> **What the task requires**
Set down the data below in full, exactly as it reads, but without the pictures.
#####
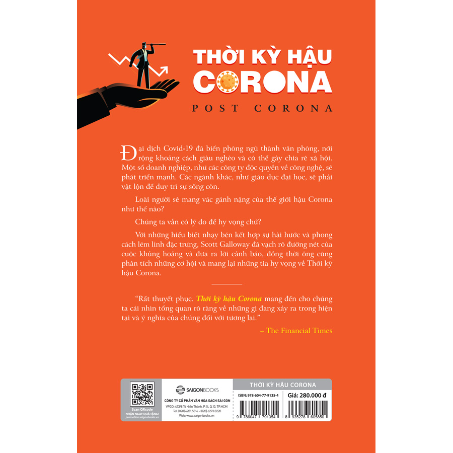 Xuất thân là một doanh nhân và là giáo sư dạy ở trường kinh tế, vì vậy, Scott Galloway nhìn mọi thứ qua lăng kính kinh doanh. Và nội dung cốt lõi của Thời kỳ hậu Corona: Luôn có cơ hội trong khủng hoảng sẽ nói về cách thức cơn đại dịch định hình lại môi trường kinh doanh. Việc kinh doanh phải được xem xét trong một bối cảnh cụ thể, vì vậy tác giả sẽ kết nối câu chuyện kinh doanh với câu chuyện xã hội rộng lớn hơn của chúng ta. Scott Galloway cũng dành hẳn một chương cho giáo dục đại học, vì ông tin rằng nền giáo dục đang trong cao trào chuyển đổi mạnh mẽ về bản chất.
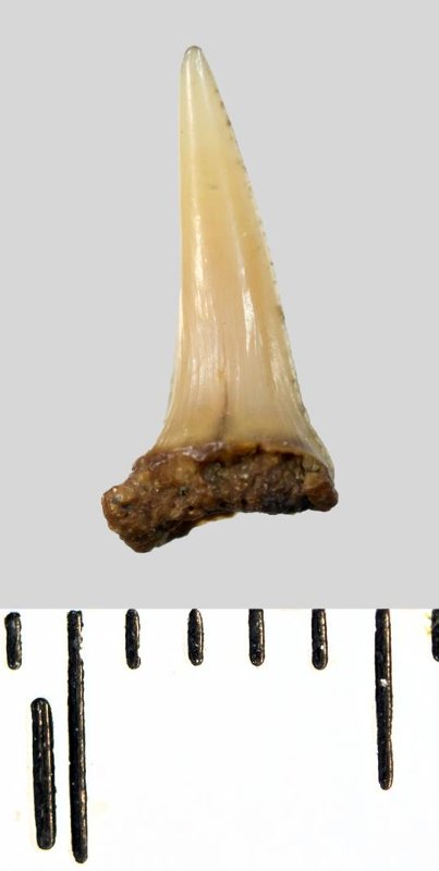 Зуб (фрагмент). Акула. Lamniformes gen. et sp. indet. Классификация: Хордовые Chordata, Позвоночные Vertebrata, Хрящевые рыбы Chondrichthyes, Пластиножаберные Elasmobranchii, Акулы Selachii, Ламнообразные Lamniformes
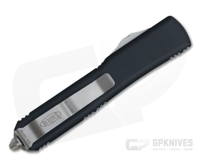 The Ultratech dual action out the front automatic knife from Microtech sets the standard for the category. This version has an Black contoured handle and Tanto-style Apocalyptic finished CTS-204P blade.Â
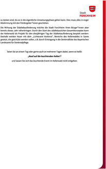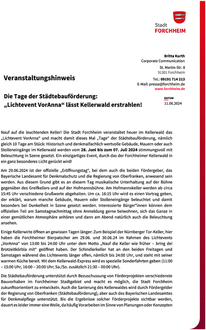 (Stadt Forchheim). Nauf auf die leuchtenden Keller! Die Stadt Forchheim veranstaltet heuer im Kellerwald das „Lichtevent VorAnna“ und macht damit dieses Mal „Tage“ der Städtebauförderung, nämlich gleich zehn Tage am Stück: Historisch und denkmalfachlich wertvolle Gebäude, Mauern oder auch Stolleneingänge im Kellerwald werden vom 28. Juni bis zum 7. Juli 2024 stimmungsvoll mit Beleuchtung in Szene gesetzt. Ein einzigartiges Event, durch das der Forchheimer Kellerwald in ein ganz besonderes Licht gerückt wird! Am 29.Juni 2024 ist der offizielle „Eröffnungstag“, bei dem auch die beiden Fördergeber, das Bayerische Landesamt für Denkmalschutz und die Regierung von Oberfranken, anwesend sein werden. Aus diesem Grund gibt es an diesem Tag musikalische Unterhaltung auf der Bühne gegenüber des Greifkellers und auf der Hofmannsbühne. Am Hofmannskeller werden ab circa 15.45 Uhr verschiedene Grußworte abgehalten. Um ca. 16.15 Uhr wird es einen Vortrag geben, der erklärt, warum manche Gebäude, Mauern oder Stolleneingänge beleuchtet und damit besonders bei Dunkelheit in Szene gesetzt werden. Interessierte Bürger*innen können dem offiziellen Teil am Samstagnachmittag ohne Anmeldung gerne beiwohnen, sich das Ganze in einer gemütlichen Atmosphäre anhören und dann am Abend natürlich auch die Beleuchtung ansehen. Einige Kellerwirte öffnen an gewissen Tagen länger: Zum Beispiel der Nürnberger Tor-Keller, hier haben die Forchheimer Bierpatscher am 29. und 30. Juni im Rahmen des Lichtevents „VorAnna“ von 13 bis 24 Uhr unter dem Motto „Nauf die Keller wie früher - bring dei Brotzeitkörbla mit“ geöffnet haben. Der Schindlerkeller hat an den beiden Freitagen und Samstagen während des Lichtevents länger offen, nämlich bis 24 Uhr, und steht mit seiner warmen Küche bereit. Mit dem Kellerwald-Express wird es spezielle Sonderfahrten geben (11 Uhr - 15 Uhr, 16 - 20 Uhr; Sa./So. zusätzlich 21.30 - 00 Uhr). Die Städtebauförderung unterstützt durch Bezuschussung von Förderprojekten verschiedenste Bauvorhaben im Forchheimer Stadtgebiet und macht es möglich, die Stadt Forchheim zukunftsorientiert zu entwickeln. Auch die Sanierung des Kellerwaldes wird durch Fördergelder der Regierung von Oberfranken (Städtebauförderung), aber auch des Bayerischen Landesamtes für Denkmalpflege unterstützt. Bis die Ergebnisse solcher Förderprojekte sichtbar werden, dauert es leider immer eine Weile, da häufig Vorarbeiten im Sinne von Planungen oder Konzepten zu leisten sind, bis es in die eigentliche Umsetzungsphase gehen kann. Dies muss alles in enger Abstimmung mit den Fördergeber*innen geschehen. Die Wirkung der Städtebauförderung möchte die Stadt Forchheim ihren Bürger*innen aber bereits dieses Jahr näherbringen. Durch den Start des städtebaulichen Gesamtkonzeptes kann der Kellerwald als Projekt für den diesjährigen Tag der Städtebauförderung bespielt werden: Deshalb werden heuer mit dem „Lichtevent VorAnna“, Bereiche des Kellerwaldes in Szene gesetzt, die geschützt werden sollen, z.B. durch Eintragung in die Denkmalliste des Bayerischen Landesamt für Denkmalpflege. Seien Sie an einem Tag oder gerne auch an mehreren Tagen dabei, wenn es heißt: „Nauf auf die leuchtenden Keller!“ und lassen Sie sich das leuchtende Event im Kellerwald nicht entgehen.
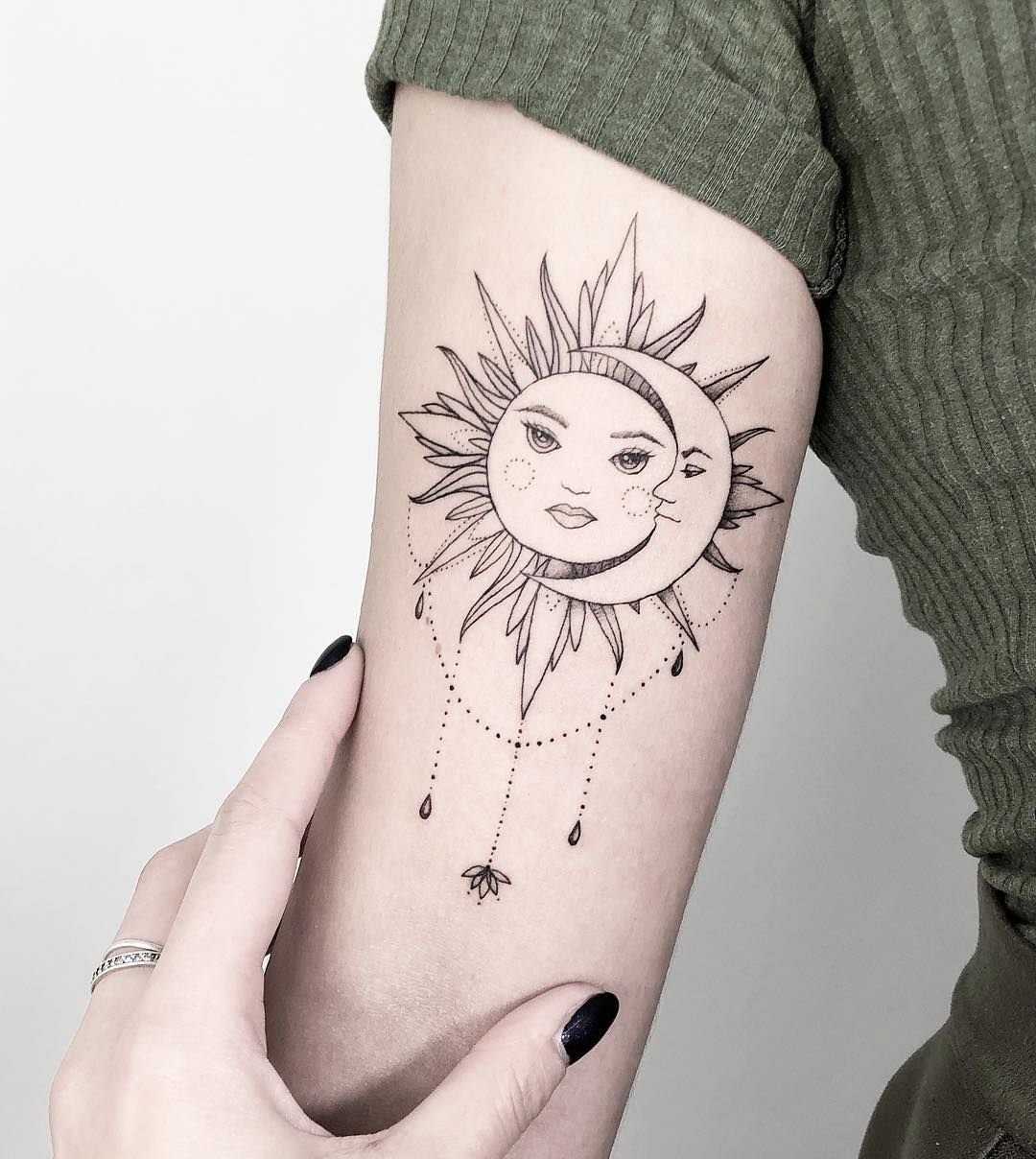 Было бы трудно говорить о солнце, не упомянув луну. Объединение их в татуировку дает результат, аналогичный Инь и Янь. Вместе эти два небесных тела символизируют идеальный баланс между силами света и тьмы. Таким образом, татуировка солнца и луны представляет собой две силы, которые царят и сосуществуют в каждом человеке.
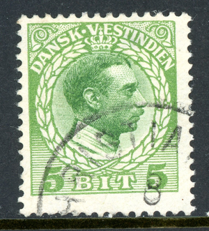 Danish West Indies 1915 DWI 5 Bit Green Scott #51 VFU U653
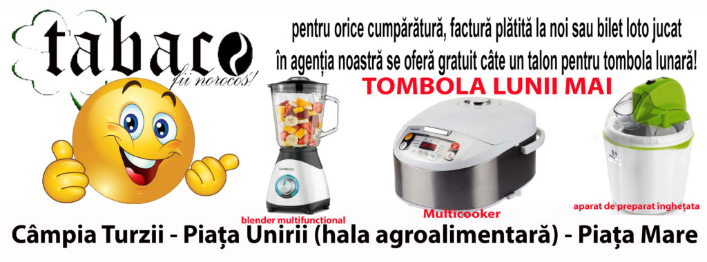 Șanse duble de câștig la Tabaco, unde pentru fiecare bilet loto, ori pentru fiecare loz în plic cumpărat din agenția noastră se oferă gratuit câte un talon pentru tombola lunară.
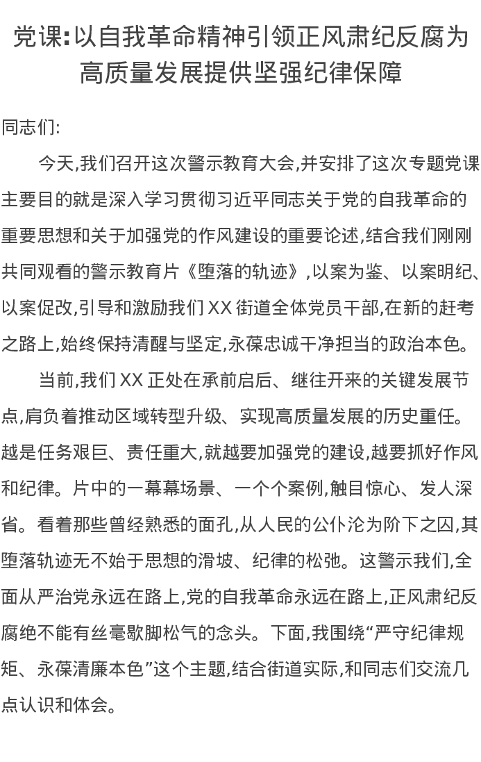 党课讲稿:以自我革命精神引领正风肃纪反腐为高质量发展提供坚强纪律保障
#####
> **Result of the task**
 Xuất thân là một doanh nhân và là giáo sư dạy ở trường kinh tế, vì vậy, Scott Galloway nhìn mọi thứ qua lăng kính kinh doanh. Và nội dung cốt lõi của Thời kỳ hậu Corona: Luôn có cơ hội trong khủng hoảng sẽ nói về cách thức cơn đại dịch định hình lại môi trường kinh doanh. Việc kinh doanh phải được xem xét trong một bối cảnh cụ thể, vì vậy tác giả sẽ kết nối câu chuyện kinh doanh với câu chuyện xã hội rộng lớn hơn của chúng ta. Scott Galloway cũng dành hẳn một chương cho giáo dục đại học, vì ông tin rằng nền giáo dục đang trong cao trào chuyển đổi mạnh mẽ về bản chất.
 Зуб (фрагмент). Акула. Lamniformes gen. et sp. indet. Классификация: Хордовые Chordata, Позвоночные Vertebrata, Хрящевые рыбы Chondrichthyes, Пластиножаберные Elasmobranchii, Акулы Selachii, Ламнообразные Lamniformes
 The Ultratech dual action out the front automatic knife from Microtech sets the standard for the category. This version has an Black contoured handle and Tanto-style Apocalyptic finished CTS-204P blade.Â
 (Stadt Forchheim). Nauf auf die leuchtenden Keller! Die Stadt Forchheim veranstaltet heuer im Kellerwald das „Lichtevent VorAnna“ und macht damit dieses Mal „Tage“ der Städtebauförderung, nämlich gleich zehn Tage am Stück: Historisch und denkmalfachlich wertvolle Gebäude, Mauern oder auch Stolleneingänge im Kellerwald werden vom 28. Juni bis zum 7. Juli 2024 stimmungsvoll mit Beleuchtung in Szene gesetzt. Ein einzigartiges Event, durch das der Forchheimer Kellerwald in ein ganz besonderes Licht gerückt wird! Am 29.Juni 2024 ist der offizielle „Eröffnungstag“, bei dem auch die beiden Fördergeber, das Bayerische Landesamt für Denkmalschutz und die Regierung von Oberfranken, anwesend sein werden. Aus diesem Grund gibt es an diesem Tag musikalische Unterhaltung auf der Bühne gegenüber des Greifkellers und auf der Hofmannsbühne. Am Hofmannskeller werden ab circa 15.45 Uhr verschiedene Grußworte abgehalten. Um ca. 16.15 Uhr wird es einen Vortrag geben, der erklärt, warum manche Gebäude, Mauern oder Stolleneingänge beleuchtet und damit besonders bei Dunkelheit in Szene gesetzt werden. Interessierte Bürger*innen können dem offiziellen Teil am Samstagnachmittag ohne Anmeldung gerne beiwohnen, sich das Ganze in einer gemütlichen Atmosphäre anhören und dann am Abend natürlich auch die Beleuchtung ansehen. Einige Kellerwirte öffnen an gewissen Tagen länger: Zum Beispiel der Nürnberger Tor-Keller, hier haben die Forchheimer Bierpatscher am 29. und 30. Juni im Rahmen des Lichtevents „VorAnna“ von 13 bis 24 Uhr unter dem Motto „Nauf die Keller wie früher - bring dei Brotzeitkörbla mit“ geöffnet haben. Der Schindlerkeller hat an den beiden Freitagen und Samstagen während des Lichtevents länger offen, nämlich bis 24 Uhr, und steht mit seiner warmen Küche bereit. Mit dem Kellerwald-Express wird es spezielle Sonderfahrten geben (11 Uhr - 15 Uhr, 16 - 20 Uhr; Sa./So. zusätzlich 21.30 - 00 Uhr). Die Städtebauförderung unterstützt durch Bezuschussung von Förderprojekten verschiedenste Bauvorhaben im Forchheimer Stadtgebiet und macht es möglich, die Stadt Forchheim zukunftsorientiert zu entwickeln. Auch die Sanierung des Kellerwaldes wird durch Fördergelder der Regierung von Oberfranken (Städtebauförderung), aber auch des Bayerischen Landesamtes für Denkmalpflege unterstützt. Bis die Ergebnisse solcher Förderprojekte sichtbar werden, dauert es leider immer eine Weile, da häufig Vorarbeiten im Sinne von Planungen oder Konzepten zu leisten sind, bis es in die eigentliche Umsetzungsphase gehen kann. Dies muss alles in enger Abstimmung mit den Fördergeber*innen geschehen. Die Wirkung der Städtebauförderung möchte die Stadt Forchheim ihren Bürger*innen aber bereits dieses Jahr näherbringen. Durch den Start des städtebaulichen Gesamtkonzeptes kann der Kellerwald als Projekt für den diesjährigen Tag der Städtebauförderung bespielt werden: Deshalb werden heuer mit dem „Lichtevent VorAnna“, Bereiche des Kellerwaldes in Szene gesetzt, die geschützt werden sollen, z.B. durch Eintragung in die Denkmalliste des Bayerischen Landesamt für Denkmalpflege. Seien Sie an einem Tag oder gerne auch an mehreren Tagen dabei, wenn es heißt: „Nauf auf die leuchtenden Keller!“ und lassen Sie sich das leuchtende Event im Kellerwald nicht entgehen.
 Было бы трудно говорить о солнце, не упомянув луну. Объединение их в татуировку дает результат, аналогичный Инь и Янь. Вместе эти два небесных тела символизируют идеальный баланс между силами света и тьмы. Таким образом, татуировка солнца и луны представляет собой две силы, которые царят и сосуществуют в каждом человеке.
 Danish West Indies 1915 DWI 5 Bit Green Scott #51 VFU U653
 Șanse duble de câștig la Tabaco, unde pentru fiecare bilet loto, ori pentru fiecare loz în plic cumpărat din agenția noastră se oferă gratuit câte un talon pentru tombola lunară.
 党课讲稿:以自我革命精神引领正风肃纪反腐为高质量发展提供坚强纪律保障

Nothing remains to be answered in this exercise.